Menteri Luar Negeri Rusia Sergei Lavrov mengatakan, sebanyak 1,02 juta orang, termasuk 120 ribu orang yang berada di Donetsk dan Luhansk.
Dalam komentarnya yang dikutip
Reuters, Lavrov mengatakan 2,8 juta orang di Ukraina telah meminta untuk dievakuasi ke Rusia.
Upaya untuk mengevakuasi warga sipil dari beberapa daerah garis depan, termasuk pelabuhan selatan Mariupol yang terkepung, telah berulang kali gagal, dengan masing-masing pihak saling menyalahkan.
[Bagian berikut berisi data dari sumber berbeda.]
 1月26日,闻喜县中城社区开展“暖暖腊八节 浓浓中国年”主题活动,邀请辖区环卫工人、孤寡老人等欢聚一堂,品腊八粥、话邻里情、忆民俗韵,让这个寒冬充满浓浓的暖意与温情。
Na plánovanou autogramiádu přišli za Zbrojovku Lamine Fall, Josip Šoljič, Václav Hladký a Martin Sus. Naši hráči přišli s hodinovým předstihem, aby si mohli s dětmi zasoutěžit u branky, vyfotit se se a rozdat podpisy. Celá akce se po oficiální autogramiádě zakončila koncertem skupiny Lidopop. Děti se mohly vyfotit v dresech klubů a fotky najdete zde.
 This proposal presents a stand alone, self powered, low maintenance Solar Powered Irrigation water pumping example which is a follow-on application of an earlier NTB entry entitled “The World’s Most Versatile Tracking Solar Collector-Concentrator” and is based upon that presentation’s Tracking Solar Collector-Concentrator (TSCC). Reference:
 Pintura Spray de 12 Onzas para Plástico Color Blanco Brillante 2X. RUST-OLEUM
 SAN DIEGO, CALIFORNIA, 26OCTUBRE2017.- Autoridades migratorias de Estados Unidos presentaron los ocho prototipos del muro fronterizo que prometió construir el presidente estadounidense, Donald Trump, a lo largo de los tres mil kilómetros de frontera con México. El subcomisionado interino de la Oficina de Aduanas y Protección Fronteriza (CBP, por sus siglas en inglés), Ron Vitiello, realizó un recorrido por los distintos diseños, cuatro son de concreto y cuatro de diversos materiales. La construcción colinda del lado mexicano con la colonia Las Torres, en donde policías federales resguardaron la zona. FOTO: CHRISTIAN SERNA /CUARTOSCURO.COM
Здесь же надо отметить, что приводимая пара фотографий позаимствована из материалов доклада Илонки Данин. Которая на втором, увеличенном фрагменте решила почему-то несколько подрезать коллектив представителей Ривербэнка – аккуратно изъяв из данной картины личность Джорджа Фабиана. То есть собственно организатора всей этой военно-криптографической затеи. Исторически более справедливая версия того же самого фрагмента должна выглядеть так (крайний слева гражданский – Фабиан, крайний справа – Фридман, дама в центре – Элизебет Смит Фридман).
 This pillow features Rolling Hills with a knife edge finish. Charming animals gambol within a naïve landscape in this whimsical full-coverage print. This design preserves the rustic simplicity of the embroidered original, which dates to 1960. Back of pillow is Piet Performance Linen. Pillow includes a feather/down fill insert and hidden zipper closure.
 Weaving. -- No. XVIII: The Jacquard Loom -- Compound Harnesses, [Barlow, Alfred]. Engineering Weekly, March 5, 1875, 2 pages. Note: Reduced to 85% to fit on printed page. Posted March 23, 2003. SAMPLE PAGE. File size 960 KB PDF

Ia juga mendesak agar Amerika Serikat (AS) dan NATO berhenti mengirim senjata ke Ukraina.
"Dengan secara terbuka menyatakan dukungan untuk rezim Kyiv, negara-negara NATO melakukan segalanya untuk mencegah berakhirnya operasi melalui perjanjian politik," kata Lavrov.
Selama ini, Ukraina menyebut Moskow telah dengan paksa mendeportasi ribuan orang ke Rusia.
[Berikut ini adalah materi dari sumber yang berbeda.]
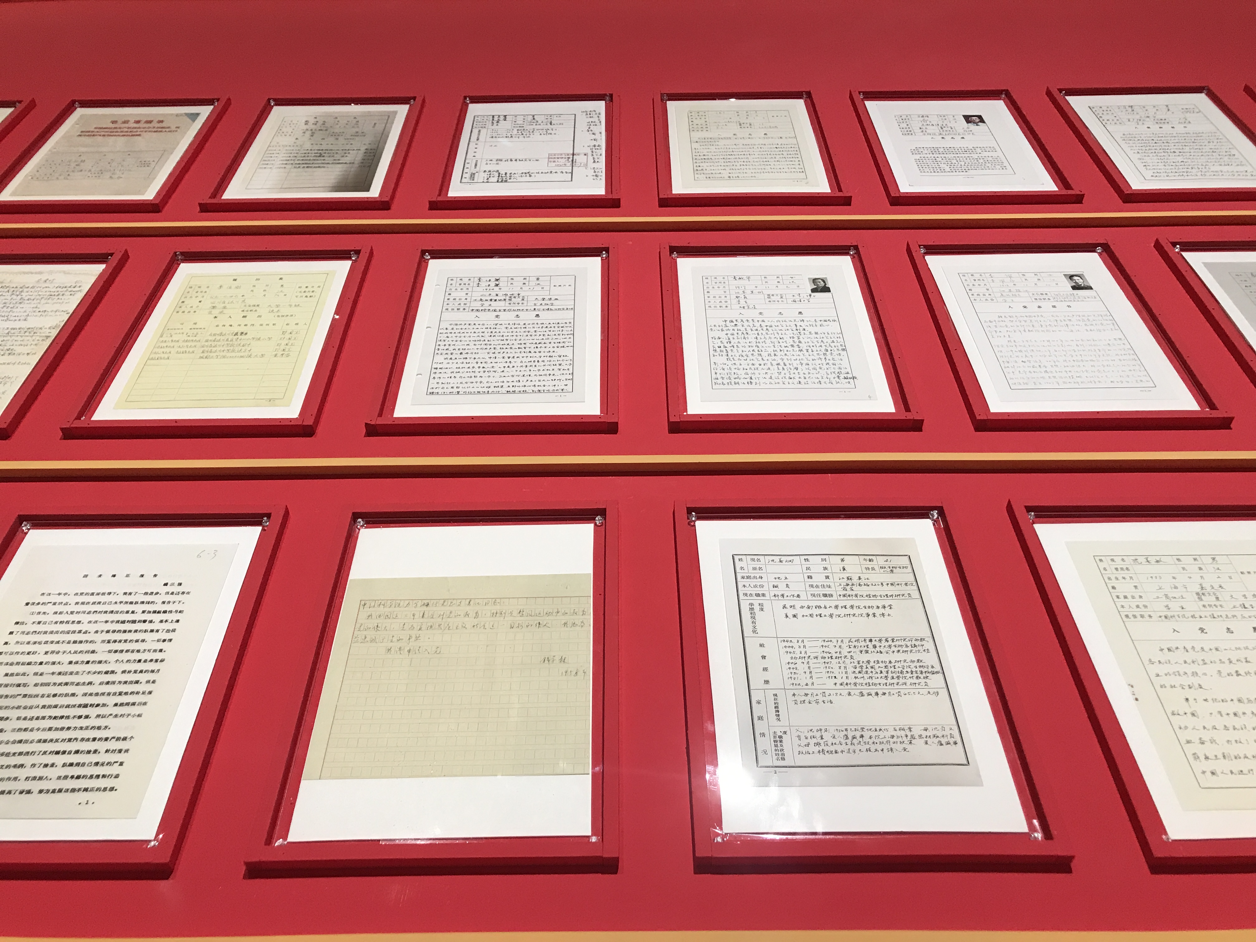 行至展区尽头,只见一面红墙上悬挂着100位科学家的入党申请书,纸张深浅不一,新旧不同;细细看来,每一篇笔迹都工整优美、话语质朴真切——

Menurut data dari PBB, lebih dari 5,4 juta orang telah meninggalkan Ukraina sejak awal invasi. Moskow menyebutnya sebagai "operasi khusus" untuk demiliterisasi dan "denazifikasi" tetangganya. Ukraina dan Barat mengatakan Rusia melancarkan perang agresi yang tidak beralasan.